How much money to give for the wedding?

People who received invitations on the occasion of marriage often face the problem of how much money to give to the wedding. Let's be realistic: the most desired gift for modern youth is money that is never superfluous, especially for a young family.

What is the reason for the popularity of a gift for a wedding with money?

There is no need to doubt the relevance of your offering. Agree that clarify with all the guests that they will give , not only unrealistic, but also not aesthetically. And the newlyweds are unlikely to be delighted with the wrongly picked bed linen, the fourth tea set or inexpensive coffee maker. They in fact dream to equip the family "nest" only together, being guided by personal tastes and preferences. Many people still hesitate to present small, such modest and inconspicuous cash envelopes. But believe me, they will be more pleased than a huge box with unnecessary equipment or a set of pots.

What amount is given for the wedding?

Naturally, it is worth fully counting on your financial capabilities and family budget. Also, do not lose sight of who you are married: friends, relatives or just acquaintances. In order to somehow come close to a specific amount, some people are trying to figure out the costs that the married people and their family have incurred. So, for example, if you mean a celebration in a restaurant, then it's worth paying the cost of food and alcohol allocated for one person, and then double this amount. If funds permit, you can slightly increase the rate, which will only please young people and their parents.

Also, do not lose sight of the various competitions, bride price , auctions and comic extortion, invented by the toastmaster. If you put everything in the envelope without leaving a penny in your pocket, you can feel very embarrassed when you start to raise funds "on diapers" or to buy a bride.

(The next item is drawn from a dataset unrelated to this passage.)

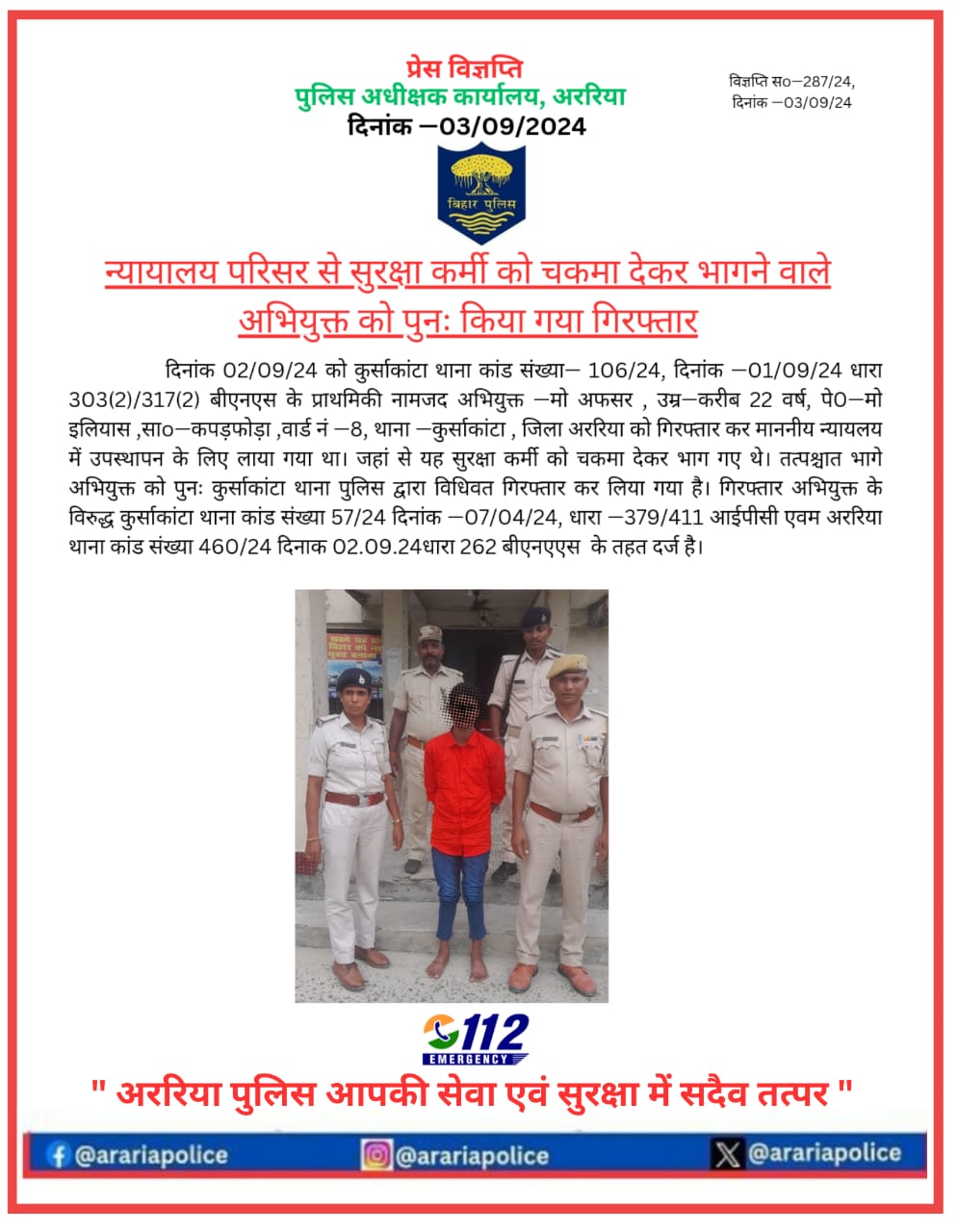 व्यवहार न्यायालय में लाए गए पेशी के दौरान कुर्साकांटा निवासी एक आरोपी सुरक्षा कर्मी को चकमा देकर 02 सितंबर को कोर्ट परिसर से फरार होने में सफल रहा, जिसकी गिरफ्तारी पुनः कर ली गई है। इसको लेकर एसपी कार्यालय से प्रेस विज्ञप्ति जारी कर जानकारी दी गई है। बताया गया है कि कुर्साकांटा थाना में 01 सितंबर को दर्ज प्राथमिकी कांड संख्या 106/24 के तहत धारा 303(2)/317(2) बीएनएस के प्राथमिकी नामजद आरोपी कपड़फोड़ा वार्ड संख्या 08 के मो. अफसर (22), पिता मो. इलियास को गिरफ्तार कर व्यवहार न्यायालय में उपस्थापन के लिए 02 सितंबर को लाया गया था, जहां से उक्त आरोपी सुरक्षा कर्मी को चकमा देकर फरार हो गया। इसके बाद फरार आरोपी को पुनः कुर्साकांटा थाना पुलिस द्वारा विधिवत गिरफ्तार कर लिया गया है।गिरफ्तार अभियुक्त के विरुद्ध कुर्साकांटा थाना में गत 07 अप्रैल को दर्ज प्राथमिकी कांड संख्या 57/24 धारा 379/411 आइपीसी पूर्व से दर्ज है। वहीं नगर थाना क्षेत्र स्थित व्यवहार न्यायालय में आरोपी के फरार होने पर अररिया नगर थाना में 02 सितंबर को कांड संख्या 460/24 के तहत प्राथमिकी दर्ज की गई, जिसमें कुर्साकांटा थाना पुलिस द्वारा छापेमारी अभियान चलाकर फरार आरोपी की पुनः गिरफ्तारी कर ली गई है।

The reverse side of the question of how much money to put on a wedding

Very often it happens that there is a desire to give a specific amount, and you know exactly its equivalent, but your financial situation is strongly against such costs. And what should I do? In fact, you need to relate to the state of things. After all, the newlyweds organize a holiday for themselves and their loved ones, giving them the opportunity to see how happy and in love they are. A natural desire is to invite all the most native people, without whom you do not even want to celebrate. But if the invitation came from unfamiliar or completely unpleasant people, then perhaps it is better and tactful at all to refuse, so as not to get into a difficult financial situation and not to feel ashamed before the toastmaster or the young for a modest amount, in their opinion.

If the invitation is sent by very close and native people, then most likely, your presence is important to them, and not the amount of money that you bring with you in the envelope. Present only as much as you can, the main thing is that it is a gift from a pure heart and with the most kind message. Believe me, even a little money, in combination with the gifts of other guests, will come very handy for a young family.

To date, sometimes even the newlyweds themselves disclose how much money to put on the wedding. This is not only an unceremonious, but also a stupid act, discouraging all the desire to attend the celebration. But guests sometimes give out "pearls", giving an empty envelope with the words "you'll earn". You do not need to make a circus performance from the wedding and suffer with pangs, how much to give and where to get the money. After all, the most important thing is the happiness of the young and your excellent mood on the day of their marriage.